* [EXERCISE PROMPT]: Find, in the records below, the line that contains "Con la compra" and the line that contains "- PROCESSOR : Intel®". Copy those two lines and everything between them exactly, but not the pictures.

________________________________________

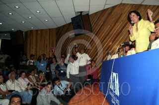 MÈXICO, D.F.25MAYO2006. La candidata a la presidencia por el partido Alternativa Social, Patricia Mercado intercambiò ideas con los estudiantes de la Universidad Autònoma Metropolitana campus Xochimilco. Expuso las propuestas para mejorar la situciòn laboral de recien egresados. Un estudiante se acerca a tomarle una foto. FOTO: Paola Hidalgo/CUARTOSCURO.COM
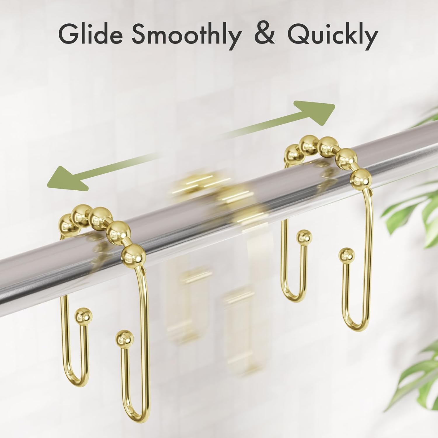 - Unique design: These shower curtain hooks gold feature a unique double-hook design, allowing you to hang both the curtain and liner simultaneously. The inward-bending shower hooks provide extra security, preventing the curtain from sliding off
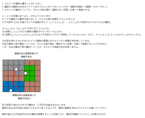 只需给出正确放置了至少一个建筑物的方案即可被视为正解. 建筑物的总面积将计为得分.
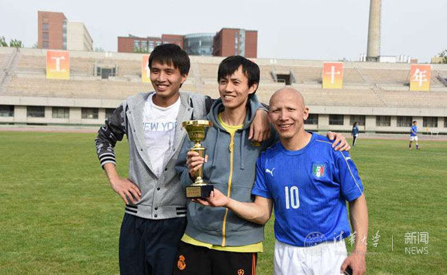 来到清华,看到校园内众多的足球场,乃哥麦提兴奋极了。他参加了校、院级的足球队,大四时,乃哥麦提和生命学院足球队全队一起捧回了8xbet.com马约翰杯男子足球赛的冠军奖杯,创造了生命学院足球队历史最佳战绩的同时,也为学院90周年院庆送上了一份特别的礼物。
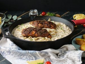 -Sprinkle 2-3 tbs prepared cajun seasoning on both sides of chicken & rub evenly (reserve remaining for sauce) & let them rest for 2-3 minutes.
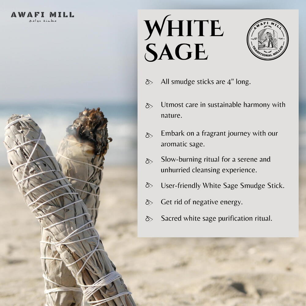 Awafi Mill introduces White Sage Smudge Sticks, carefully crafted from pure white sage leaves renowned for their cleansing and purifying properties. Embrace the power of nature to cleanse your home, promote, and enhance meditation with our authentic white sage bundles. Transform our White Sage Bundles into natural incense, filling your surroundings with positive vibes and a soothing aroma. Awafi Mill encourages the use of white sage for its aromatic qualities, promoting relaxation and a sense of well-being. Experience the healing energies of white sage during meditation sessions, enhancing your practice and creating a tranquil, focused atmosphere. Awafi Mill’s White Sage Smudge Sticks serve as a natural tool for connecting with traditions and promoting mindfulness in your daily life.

________________________________________

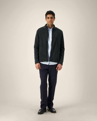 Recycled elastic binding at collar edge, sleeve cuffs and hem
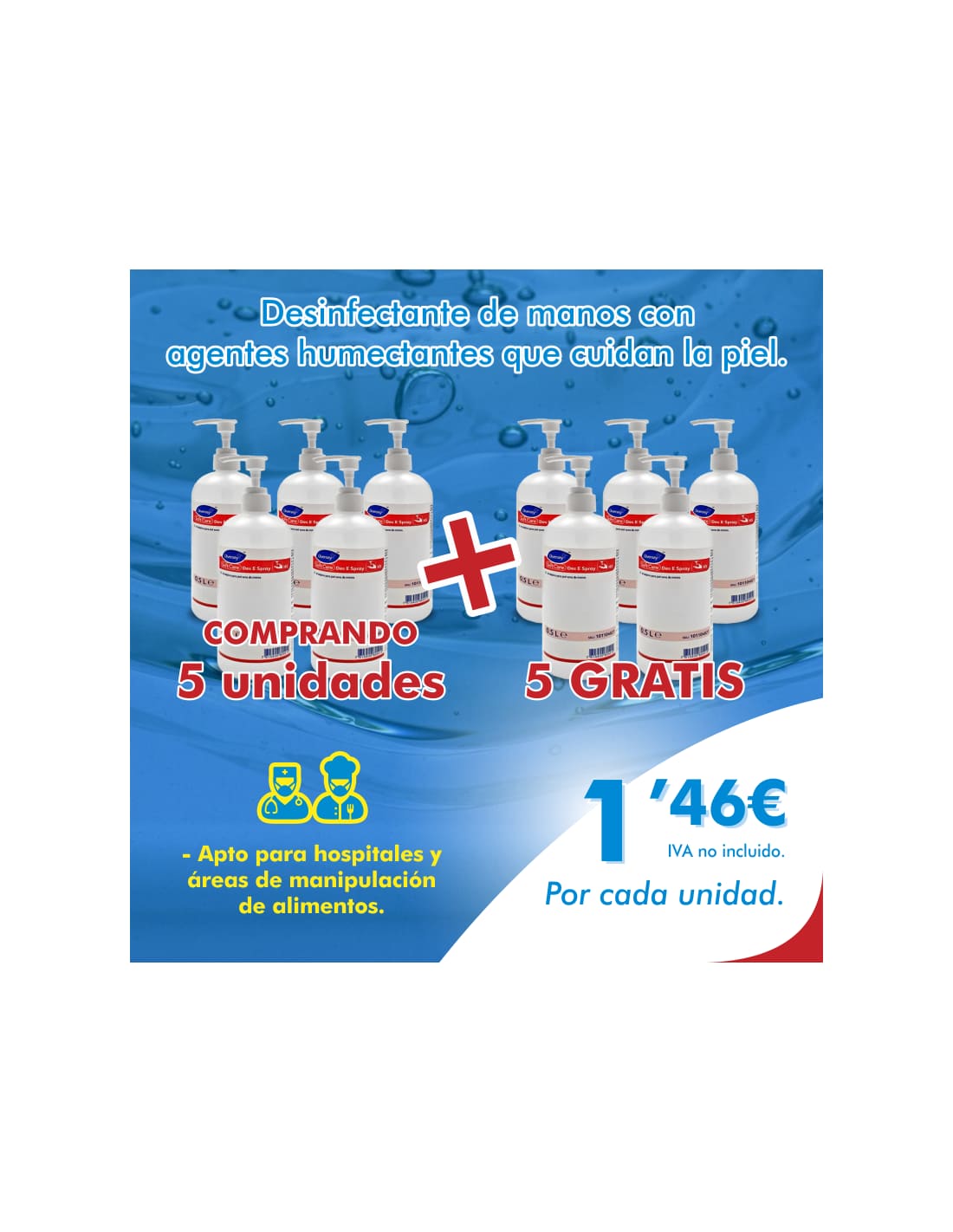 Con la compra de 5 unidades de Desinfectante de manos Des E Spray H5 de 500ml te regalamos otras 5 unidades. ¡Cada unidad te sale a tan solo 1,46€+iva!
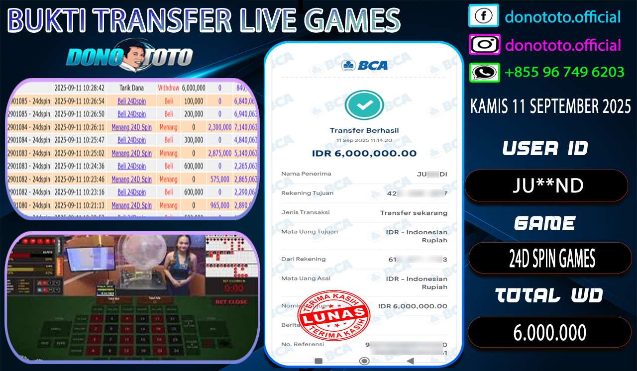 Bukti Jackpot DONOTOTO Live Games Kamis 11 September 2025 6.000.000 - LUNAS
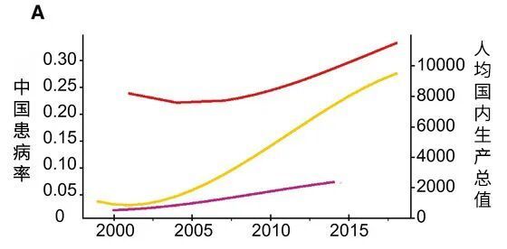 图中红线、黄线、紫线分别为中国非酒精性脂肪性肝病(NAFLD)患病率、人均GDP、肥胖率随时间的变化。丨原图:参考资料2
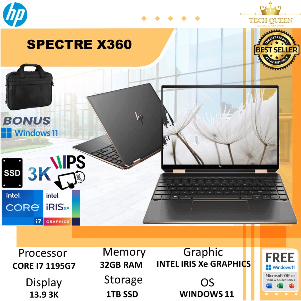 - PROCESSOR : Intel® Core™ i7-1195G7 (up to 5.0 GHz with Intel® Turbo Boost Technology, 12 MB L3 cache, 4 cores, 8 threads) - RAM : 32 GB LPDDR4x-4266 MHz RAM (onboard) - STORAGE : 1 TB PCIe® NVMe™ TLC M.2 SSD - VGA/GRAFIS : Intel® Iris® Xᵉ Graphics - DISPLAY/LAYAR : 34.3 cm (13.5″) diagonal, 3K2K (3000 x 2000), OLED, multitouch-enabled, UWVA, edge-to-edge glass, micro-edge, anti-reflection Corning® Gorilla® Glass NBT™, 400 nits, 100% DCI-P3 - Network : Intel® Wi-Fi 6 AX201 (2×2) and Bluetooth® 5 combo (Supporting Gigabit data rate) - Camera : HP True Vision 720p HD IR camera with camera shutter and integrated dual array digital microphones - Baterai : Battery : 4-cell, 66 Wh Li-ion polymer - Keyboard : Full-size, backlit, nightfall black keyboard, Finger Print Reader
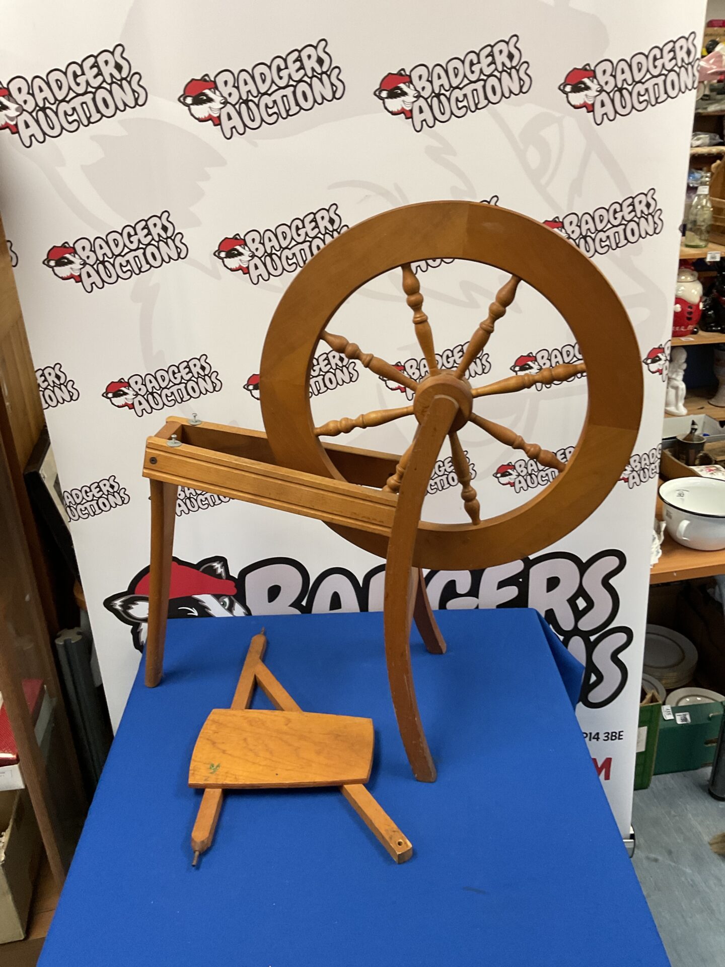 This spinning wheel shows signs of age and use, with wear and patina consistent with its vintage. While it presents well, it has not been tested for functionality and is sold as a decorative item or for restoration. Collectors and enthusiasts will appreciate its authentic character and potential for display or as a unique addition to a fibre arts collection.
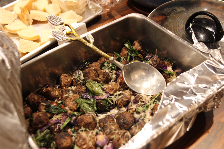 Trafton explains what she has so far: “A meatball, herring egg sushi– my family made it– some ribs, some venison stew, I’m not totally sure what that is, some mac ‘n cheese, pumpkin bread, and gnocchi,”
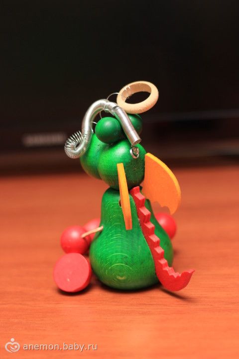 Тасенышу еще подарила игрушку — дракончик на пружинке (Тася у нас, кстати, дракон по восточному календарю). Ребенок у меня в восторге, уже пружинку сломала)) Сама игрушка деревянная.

________________________________________

* [YOUR RESPONSE]:
 Con la compra de 5 unidades de Desinfectante de manos Des E Spray H5 de 500ml te regalamos otras 5 unidades. ¡Cada unidad te sale a tan solo 1,46€+iva!
 Bukti Jackpot DONOTOTO Live Games Kamis 11 September 2025 6.000.000 - LUNAS
 图中红线、黄线、紫线分别为中国非酒精性脂肪性肝病(NAFLD)患病率、人均GDP、肥胖率随时间的变化。丨原图:参考资料2
 - PROCESSOR : Intel® Core™ i7-1195G7 (up to 5.0 GHz with Intel® Turbo Boost Technology, 12 MB L3 cache, 4 cores, 8 threads) - RAM : 32 GB LPDDR4x-4266 MHz RAM (onboard) - STORAGE : 1 TB PCIe® NVMe™ TLC M.2 SSD - VGA/GRAFIS : Intel® Iris® Xᵉ Graphics - DISPLAY/LAYAR : 34.3 cm (13.5″) diagonal, 3K2K (3000 x 2000), OLED, multitouch-enabled, UWVA, edge-to-edge glass, micro-edge, anti-reflection Corning® Gorilla® Glass NBT™, 400 nits, 100% DCI-P3 - Network : Intel® Wi-Fi 6 AX201 (2×2) and Bluetooth® 5 combo (Supporting Gigabit data rate) - Camera : HP True Vision 720p HD IR camera with camera shutter and integrated dual array digital microphones - Baterai : Battery : 4-cell, 66 Wh Li-ion polymer - Keyboard : Full-size, backlit, nightfall black keyboard, Finger Print Reader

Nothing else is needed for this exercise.